> **PROMPT**:
The line containing "この日はほとんど売れ切れていましたが、おはぎにどら焼きに。" marks the start; extract exactly from it through the last line of the entries, and omit any pictures.
DATA SUPPLIED Block Start
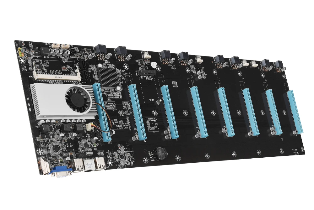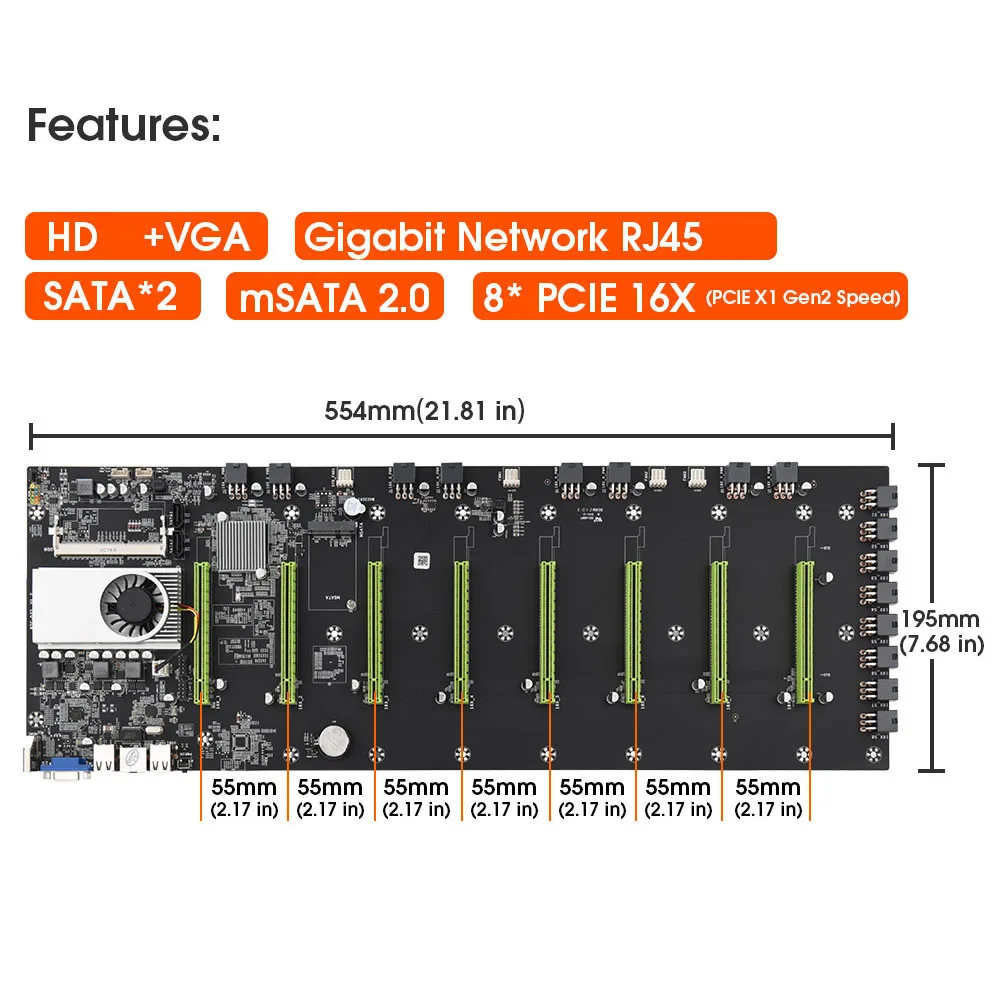 Особенности:1. Слот для памяти, 8 разъемов для видеокарты.2. Высокая производительность вычислений, на 10% выше, чем Материнские платы того же уровня.3. Оснащен Sodimm DDR3 слотом памяти, 16*6pin PCI-E X16 разъем питания, значительно повышает производительность материнской платы.4. Конденсатор стабилизации напряжения может обеспечить стабильное напряжение для вашего оборудования электропитания.5. Он может обеспечить тихую производительность, низкое энергопотребление, меньшее количество тепла, энергосбережение и безопасное использование.Модель: BTC-D37Память: 1 * DDR3 Sodimm слот, поддержка 1066/1333/1600 МГцХранение: 1 * SATA3.0 + 1 * SATA2.0 + 1 * m SATA2.0USB: 4 * USB2.0Сетевой порт: гигабитный сетевой порт RJ45Расширяемый порт: 8 * PCIE 16X,16*6pin PCIE X16 разъем питания, HD + VGAMSATA SSD:Емкость: 128 ГБРазмер: 50х30х3 ммТребования: DC3.3V / 1AПрименение: рабочий стол, ноутбук, сервер, точность добычиСостояние: абсолютно новый, различные брендыRAM:Чип: SEC / HY / MT или другое (отправлено случайным образом)Тип: без ECC, без REG (память ноутбука)Частота: DDR3 1600 МГц или DDR3L (отправлено случайным образом)Емкость: 4 ГБ DDR3 1600 МГцКабель питания:Калибр провода: 18 AWGДлина кабеля: 10,23 дюйма/250 мм8-pin женский конец используется для подключения к разъему питания источника питания.Два 8-pin (6 + 2) Мужской заканчивается подключаются к видеокарта и добыча материнская плата.Дружеское напоминание:Проверьте, полностью ли кабель совместим с вашим устройством. Если вы не уверены, пожалуйста, немедленно свяжитесь с нами перед оформлением заказа.Количество: 10 шт.Упаковочный лист:1 * материнская плата1*128 ГБ mSATA SSD1*4 ГБ/8 ГБ DDR3 RAM10*8pin кабель питания
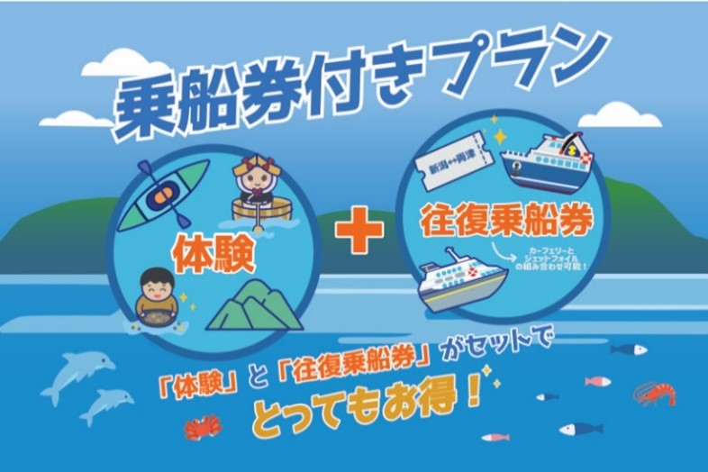 (一社)佐渡観光交流機構が運営する佐渡島の着地型体験予約サイト「サドベンチャー!」にて、企画乗船券「乗船券付きプラン」の販売を開始しました。(2024年に旧名称:「佐渡体験パック」から名称変更となりました。)
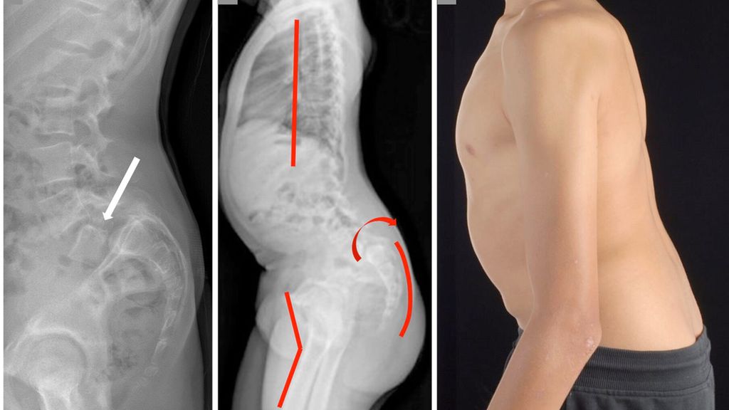 Nebst einer allgemeinen dynamischen und statischen orthopädischen Untersuchung muss eine dezidierte Beurteilung der Wirbelsäule einschliesslich einer neurologischen Untersuchung durchgeführt werden. Typisch für die Spondylolyse sind reproduzierbare, meist klar umschriebene und als stechend beschriebene lumbosakral lokalisierte Schmerzen bei forcierter Extension (Reklination) der LWS. Neurologische Auffälligkeiten sind selten nachweisbar. Bei Vorliegen einer Spondylolisthese kann manchmal eine Stufe zwischen den Dornfortsätzen der unteren LWS getastet werden. Ein hochgradiges Wirbelgleiten führt durch die zunehmende segmentale Kyphosierung zu einer relevanten Störung des sagittalen Profils der Wirbelsäule mit typischen, klinisch objektivierbaren Kompensationsmechanismen wie Abflachung der Brustwirbelsäule, Retroversion des Beckens/Sakrums bis hin zu zunehmender Hüft- und Kniebeugung zur Aufrechterhaltung der sagittalen Gesamtbalance (Abb. 2).
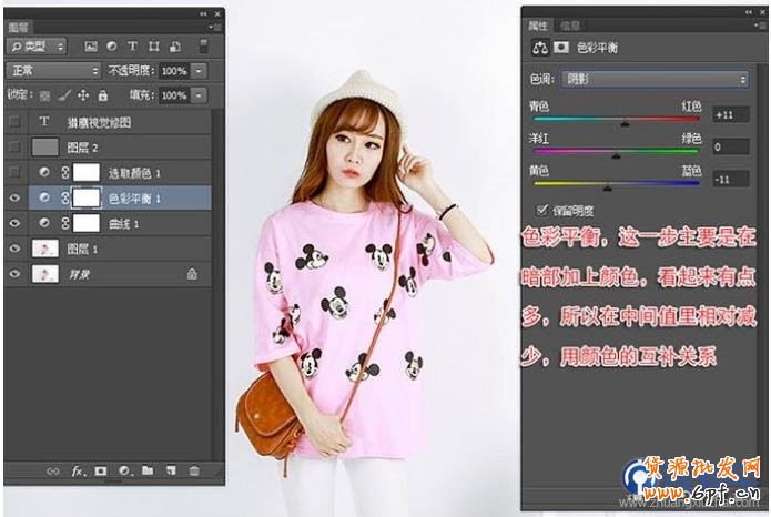 色彩平衡,這一步主要是在暗部加上顏色,看起來有點多,所以在中間值里相對減少,用顏色的互補關系。
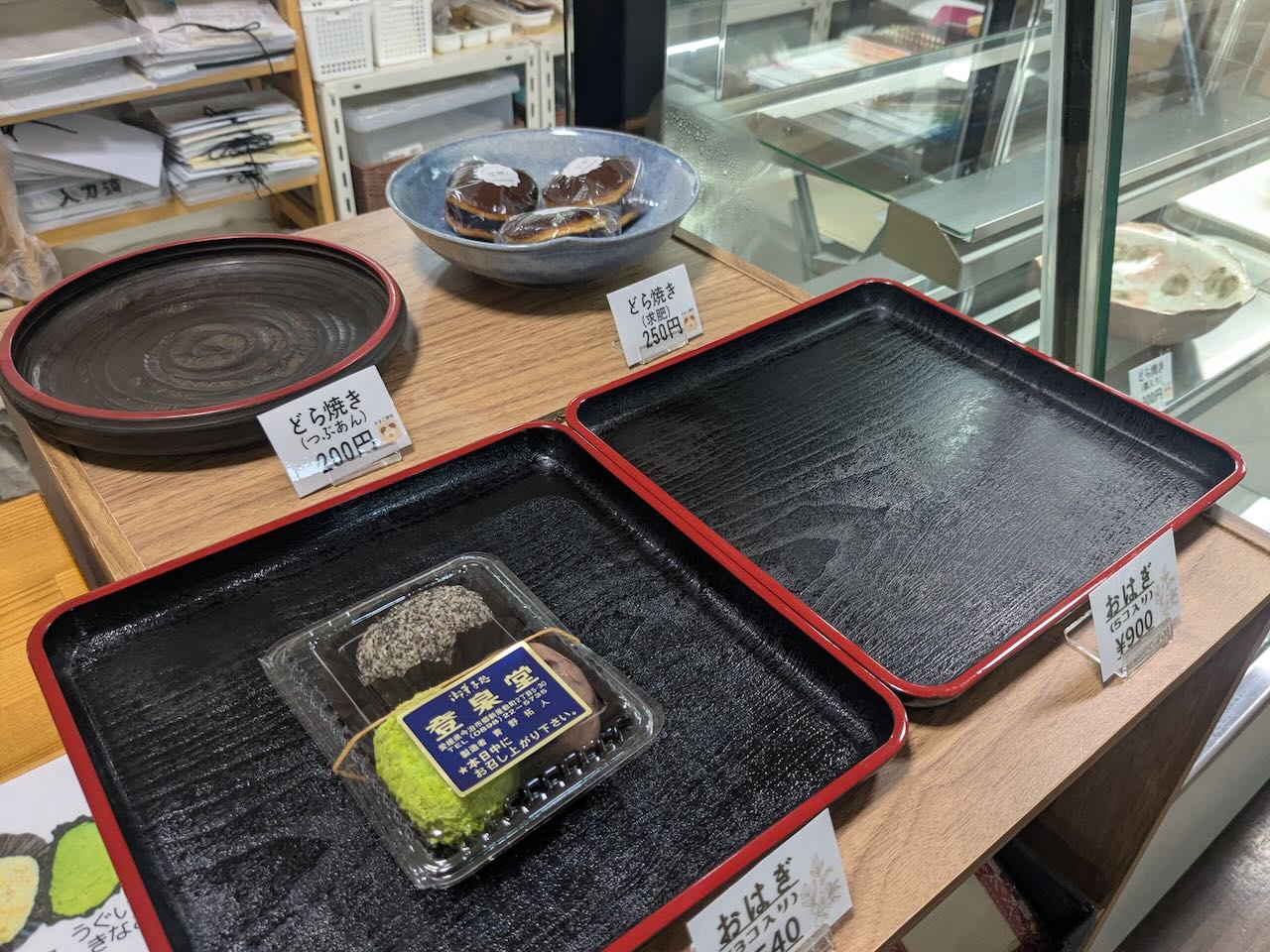 この日はほとんど売れ切れていましたが、おはぎにどら焼きに。
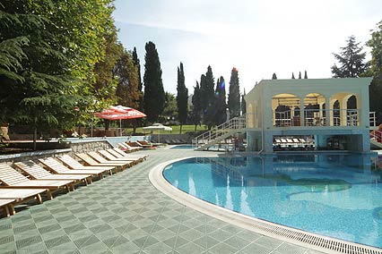 Гостиничные корпуса ПОРТО МАРЕ В АЛУШТЕ, утопая в прохладе большого ухоженного прекрасного старого парка, выделяются своим новым европейским видом.
DATA SUPPLIED Block End
> **RESPONSE TO THE TASK**:
 この日はほとんど売れ切れていましたが、おはぎにどら焼きに。
 Гостиничные корпуса ПОРТО МАРЕ В АЛУШТЕ, утопая в прохладе большого ухоженного прекрасного старого парка, выделяются своим новым европейским видом.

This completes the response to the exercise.